= Nomasticon Cisterciense =

The Nomasticon Cisterciense is a collection of legal documents pertaining to the Cistercian Order. Published in 1664 with Julien Paris as its editor, it presents documents from the first three centuries of Cistercian legislation. The publication was initiated by Cistercian monks of the Strict Observance. An expanded edition was published in 1892 in Solesmes, edited by Father Hugues Séjalon.

== Contents ==
Narrative texts about the origins of the Cistercian movement open the book. They describe the early history, the fervor of the monks, their way of life and biographical details about the monks who wrote the early legislation. The collection proper consists of three parts. The first contains the Rule of St. Benedict, the Carta Caritatis, the Usus Antiquiores and several resolutions approved by the General Chapter.
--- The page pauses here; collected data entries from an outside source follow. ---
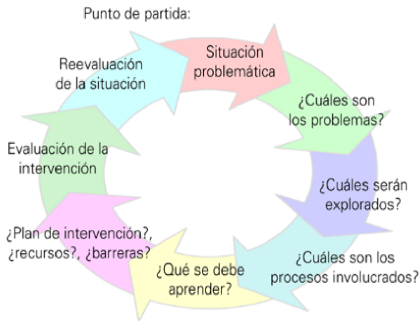
Fig 2 Ciclo de resolución de un problema del ABP

Las situaciones o problemas o casos que se presentan van dirigidos a adquirir conocimientos; en el Taller C los estudiantes aún pueden resolver problemas diagnósticos sencillos, programar planes de estudios y fundamentar estrategias terapéuticas, además de entender cuáles son las estructuras o funciones que se encuentran involucradas en el mismo.; se espera que usen estrategias de razonamiento para combinar y sintetizar la información presentada en el caso o problema en una o más hipótesis explicativas. A partir de lo aprendido pueden identificar los principios que puedan aplicarse para comprender otras situaciones problema y resolver el problema diagnóstico planteado. Al finalizar el análisis se espera que puedan evaluar lo aprendido y formular nuevas preguntas (ver ciclo de una exploración inicial del ABP según Branda). En cada caso clínico se incluyen aspectos biológicos, psicológicos, sociales, económicos y culturales que se refuerzan en los objetivos a lograr, esto da una comprensión en la presentación del problema que evita centrar el análisis solamente en el aspecto biológico y permite incluir una visión más amplia de la persona y su entorno. Esta presentación de nuevo modelo de aprendizaje busca sensibilizar a
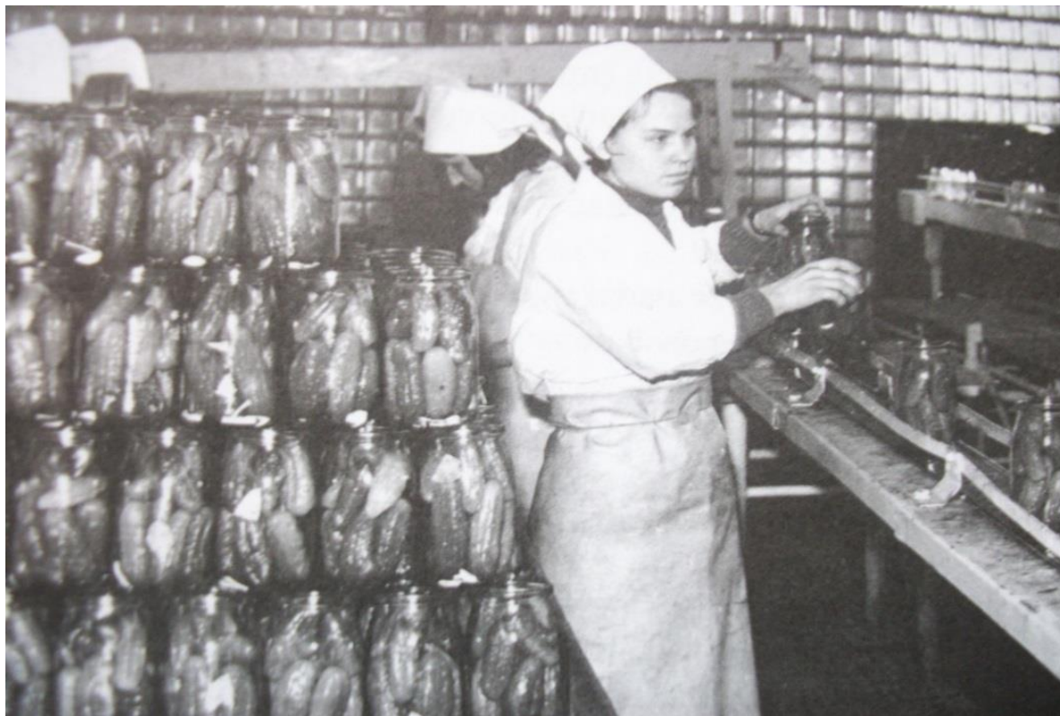
Rys. 3. Przetwórnia „Las”, rok ok 1980.
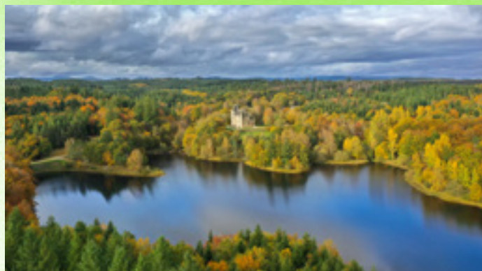
Château de Sédrières (Corrèze)

La Région Nouvelle-Aquitaine place la création au cœur de sa stratégie de développement culturel et économique. C'est dans ce contexte que se développe le projet artistique et culturel du Frac-Artothèque Nouvelle-Aquitaine qui ouvrira un nouveau site au printemps 2025 en hyper-centre de Limoges dédié à la création contemporaine.
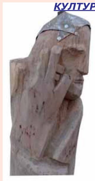
Скулптура (Ф. 150 x 30 x 70 cm)

Његова вајарска дјела у којима се осликава Црна Гора су моћна у приказу и ту можемо слободно
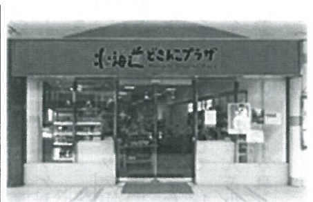
北海道どさんこプラザ有楽町店
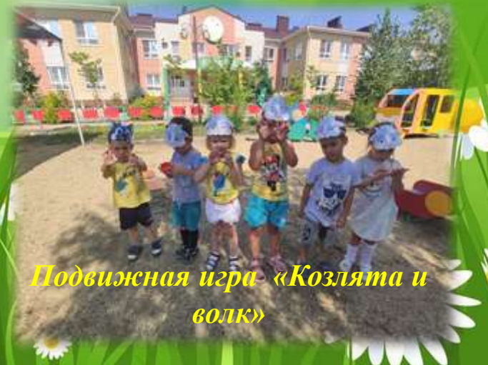
Подвижная игра «Козлята и волк»
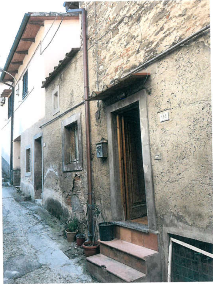
PORTONCINO INGRESSO 1

The second contains, among others, deliberations among abbots under Pope Urban IV. and a text by Pope Clement IV. regarding the interpretation of the Carta Caritatis. The third section contains the reform bull Benedictina and papal missives to various Cistercian General Chapters.

== Purpose ==
The Nomasticon was intended to strengthen the position of the Strict Observance in their endeavor to "reform" the Cistercian Order according to a literal interpretation of the Rule of St. Benedict. The editor, Julien Paris, who taught at the University of Paris and was abbot of Foucarmont Abbey, was himself a supporter of the Strict Observance. He sought to return to a way of life he believed to have been lived by Cistercians in the first generations after the movement began in 1098. He writes in his foreword that the order's reputation for sanctity was based on the strict adherence to their early legislation. He perceived many of the monks of his day, among them those who belonged to the Common Observance, to be decadent. The Nomasticon was meant to give them the rules and regulations that would lead to sanctity.

== Role in research ==
In both the first edition and that of 1892, the Nomasticon has served as an important collection of sources for Cistercian research. Scholars of recent generations have noted that the medieval sources in the book are not edited according to contemporary standards. Many more sources have become available since it was published. The edition published by Séjalon (1892) is the most recent.

== Literature ==

- Julien Paris, Hugues Séjalon (eds.): Nomasticon Cisterciense seu antiquiores Ordinis Cistercienses constitutiones. Typographeum Sancti Petri, Solesmis 1892.
- Julien Paris (ed.): Nomasticon Cisterciense seu antiquiores Ordinis Cistercienses constitutiones. Alliot, Parisiis 1664. Online at the Bavarian State Library.
- David Bell, The Library of the Abbey of La Trappe. A Study of its History from the Twelfth Century to the French Revolution, with an annotated edition of the 1752 catalogue (Turnhout: Brepols 2014), p. 510.
- Gilbert M. Wellstein: Zum Nomasticon Cisterciense. In: Cistercienser-Chronik 21 (1909), pp. 21-22.